A quick reflection on the FOMC statement

Federal Reserve issues FOMC statement
As expected, the FOMC raised the short term rate another 0.25% to a range of 1.00%-1.25%. It feels like we are finally in a consistent hiking cycle. More importantly, we need to look past the headlines.

The most interesting development was a few phrases about decreasing the over $4.4tn balance sheet later this year along with an addendum outlining the process. I think this is an optimistic goal as I don’t believe we should see a balance sheet reduction until we get the short term rate up around 1.75%-2.0%. Obviously this is possible as the FOMC can still raise the short term rate 0.25% in September and 0.50% in December while simultaneously enacting the balance sheet reduction program. While this is optimistic (perhaps not realistic nor healthy), I would be more than happy to see balance sheet reduction this year.

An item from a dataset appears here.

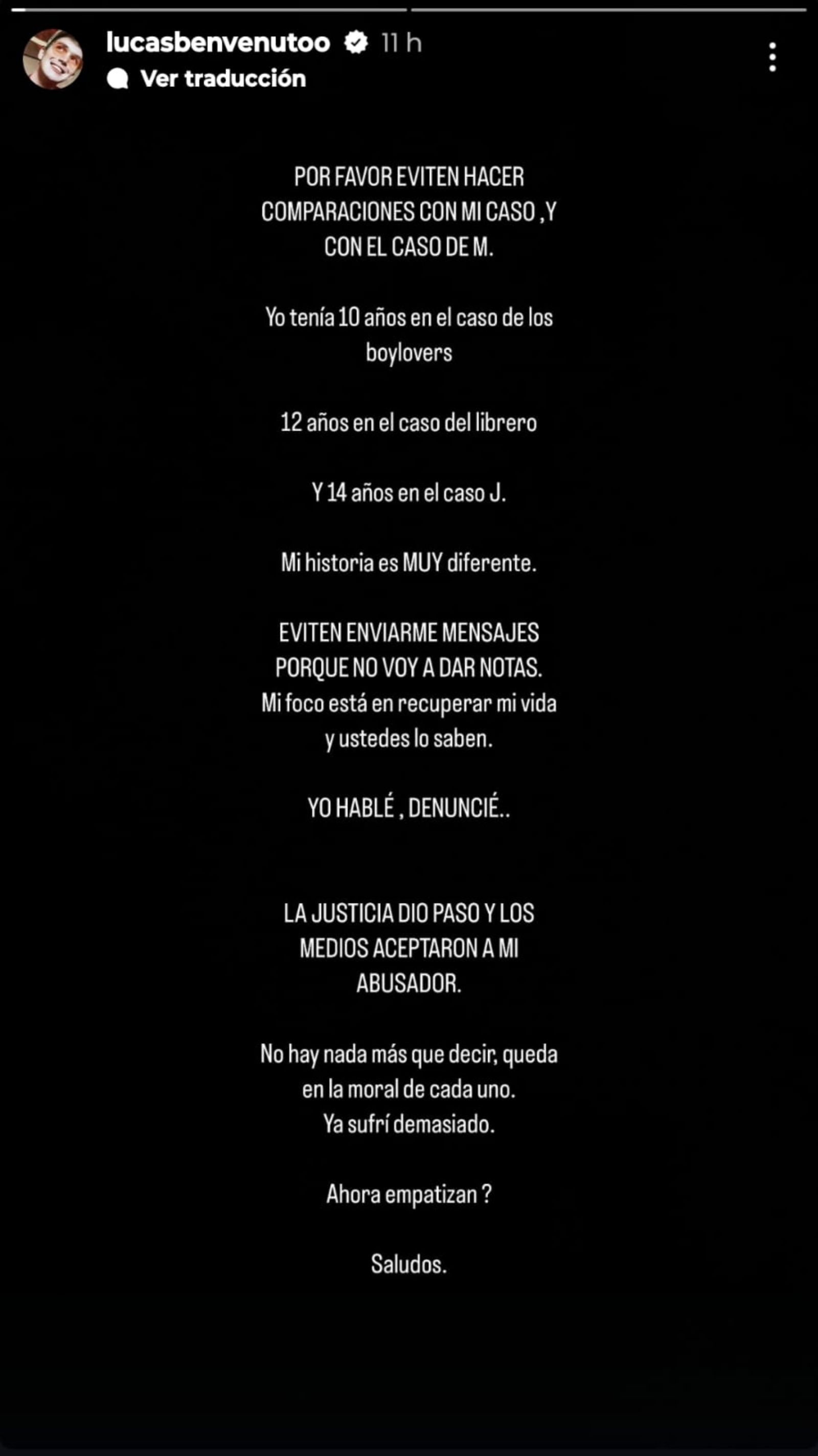 "Por favor, eviten hacer comparaciones con mi caso, y con el caso de M. Yo tenía 10 años en el caso de los boylovers.12 años en el caso del librero. Y 14 años en el caso J", empieza diciendo el comunicado de Lucas Benvenuto.

The other development that stands out to me is Chairwoman Yellen’s comments that everything being is in place for higher inflation. I’ve been touting this for some time, so either we are correct or blissfully ignorant of reality. Lastly, I tend to believe Chairwoman Yellen is using an oft forgotten central bank policy tool: the power of words. Often times by telling market participants inflation will pick up is enough to cause a little more inflation as expectations for inflation typically filter through the system to cause real inflation.